Which of the additional problems did you encounter? “Swimming, because I had to get over my fear of water,” he tells. “I had to get over my fear of water through swimming.” “And climbing, which is basically the same thing since I have a phobia of heights,” she said.

He also had to get over early anxiety about having straightforward conversations with other people. Shannon, whose son’s self-assurance grew as he accomplished more, including earning the public speaking merit badge, believes that those days are over now. “No more,” she says.

In 2019, Hayes plans to use his portion of the proceeds from an ongoing troop fundraising to help pay his visits to the National Jamboree in West Virginia and the World Jamboree in South Korea, where he wants to finally meet his dispersed internet pals in person for the first time. According to Shannon, now that he has his social skills under control, he is able to stand up and talk for himself to anybody. “During the previous year, he made $40,000 in popcorn sales.”

Ben has been raking yards and mowing lawns to collect money for a project that he has been working on for the past two years. This project, which he has been working on “just because that’s what he wanted to do,” according to Shannon, has seen him fill and deliver more than 150 snack bags each month to staff members working through COVID at a local hospital.

Hayes presented his mother with a whole new kind of difficulty as a result of all of his achievements: how should she put all of those badges on his uniform?

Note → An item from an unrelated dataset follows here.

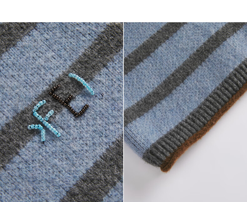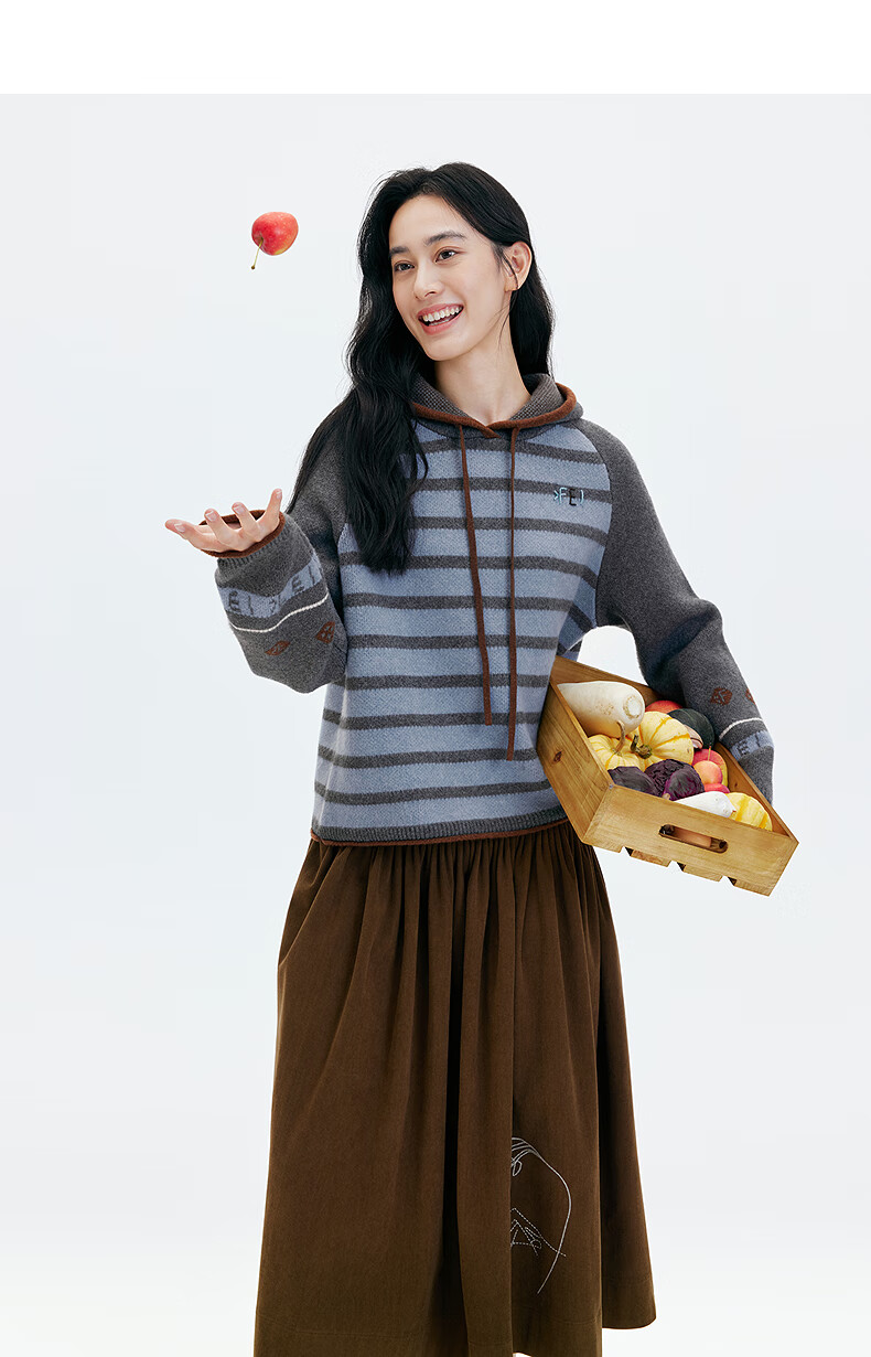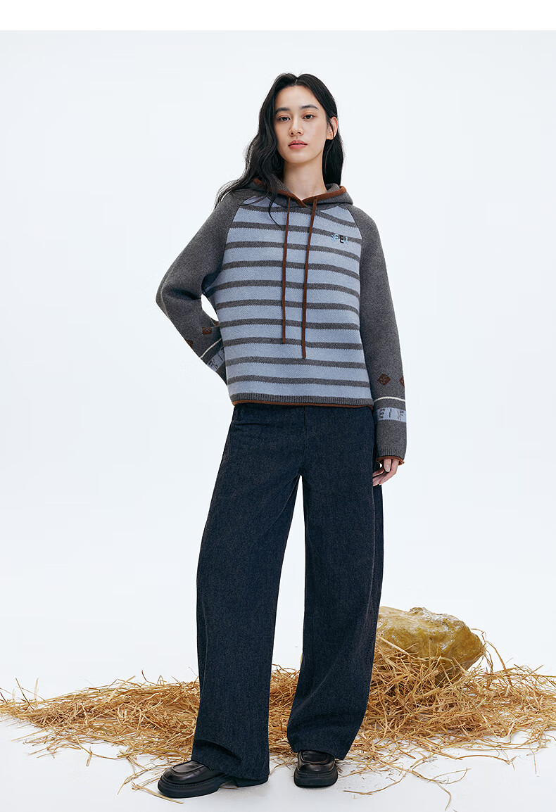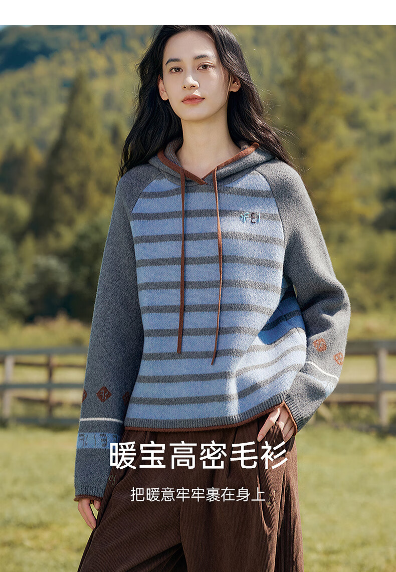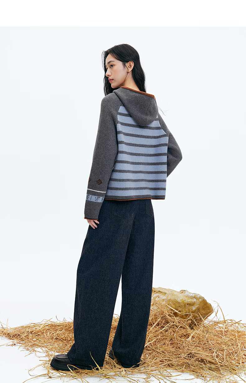 Birds and New Wine Spliced ​​Striped Colorful Gray Sweater Women's 2025 Winter New Slim Sweater Hoodie Striped Ash HNC02 Pre-sale November 28 S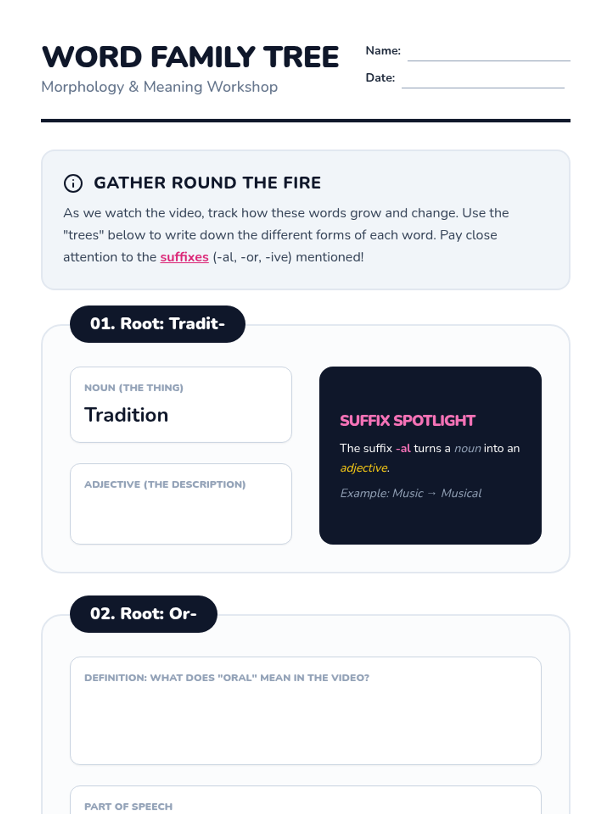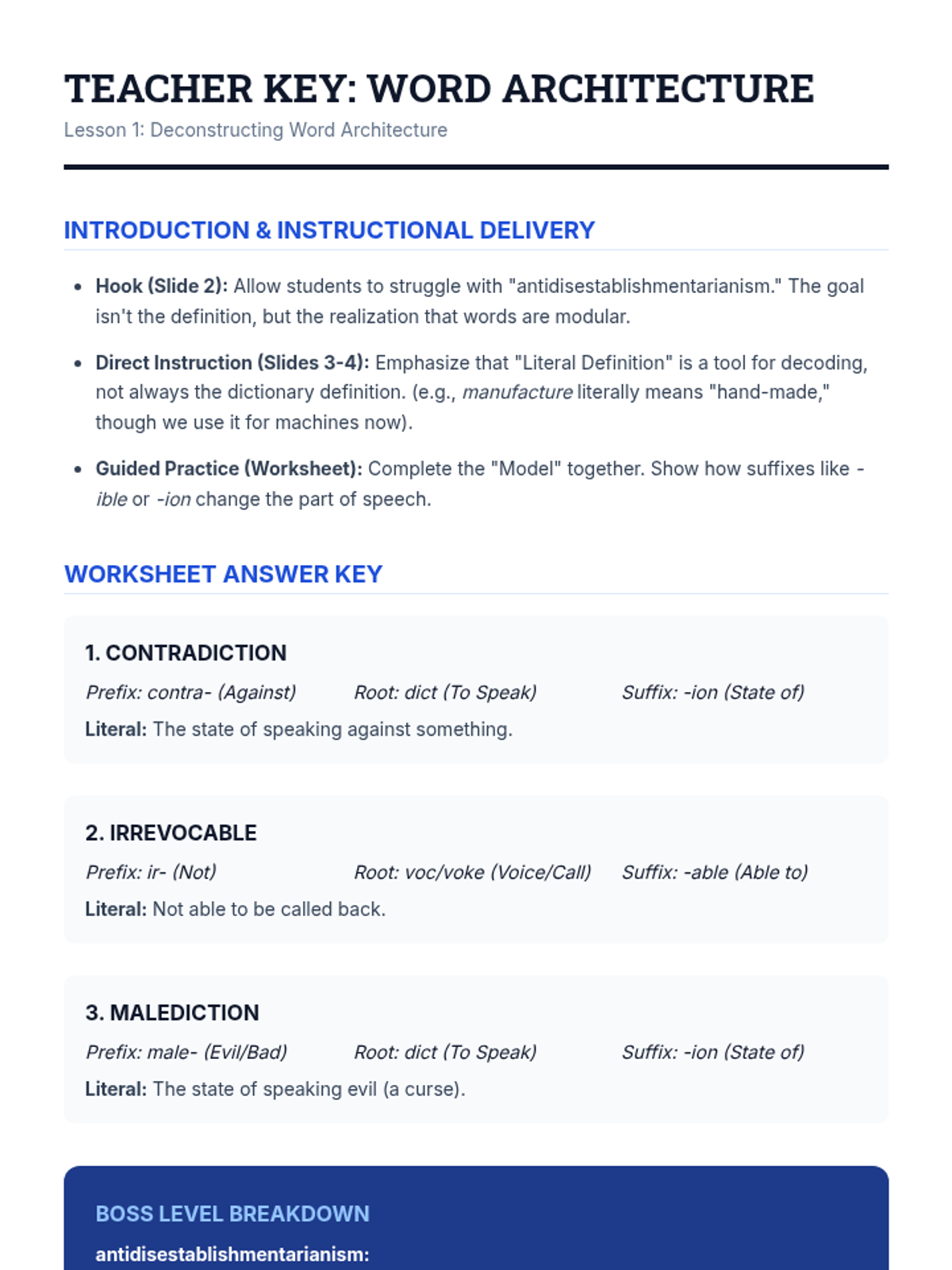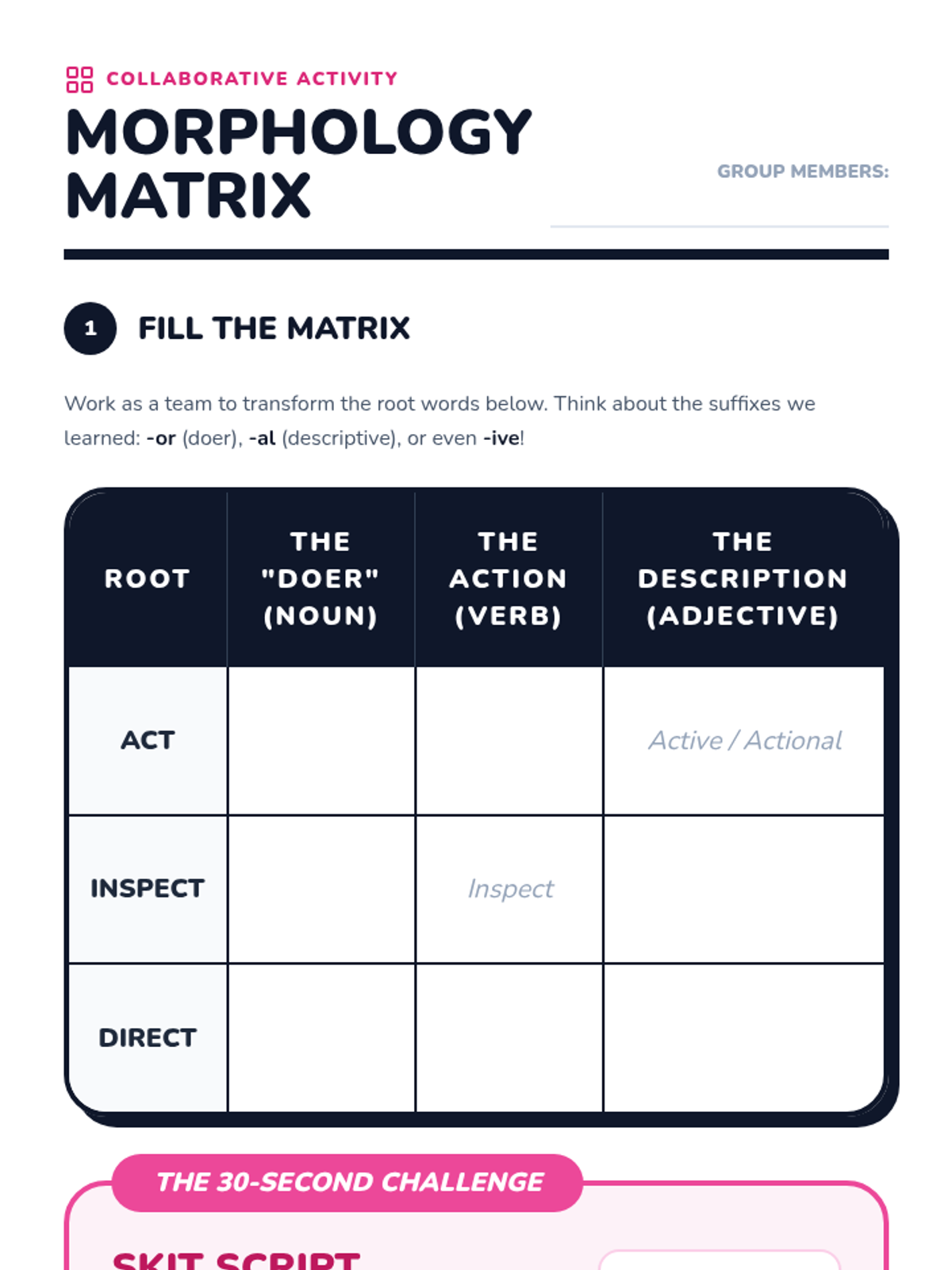 A sequence focused on the power of morphology, teaching students how to transform root words into various parts of speech using suffixes and prefixes.

According to Shannon, “They stopped creating the 40-inch sash [for merit badges] since there wasn’t a lot of people getting them all,” which is why the sash was discontinued. “As a result, we used our imagination. He has the sash that is 36 inches long, and it can store around 120 or so, and the rest of the seeds are sown on the inside.”

Says Ogden: “I believe that his fellow Scouts have a newfound respect for him as a result of all that he has accomplished and the manner in which he has pursued his objectives. Because he is earning each badge one after the other without missing a beat, it’s possible that some of them have been encouraged to go for their merit badges with a little more vigor.”

They are aware of the fact that he has developed into a self-assured young adult, according to what he says.

This is also true of Hayes.

He adds, “The lesson I learned is that not everything is easy, but if you work hard you will get to your goal.” “The lesson I learned is that not everything is easy.” The phrase “to be accepted by peers who do not criticize you” takes on a whole different meaning when used in this context.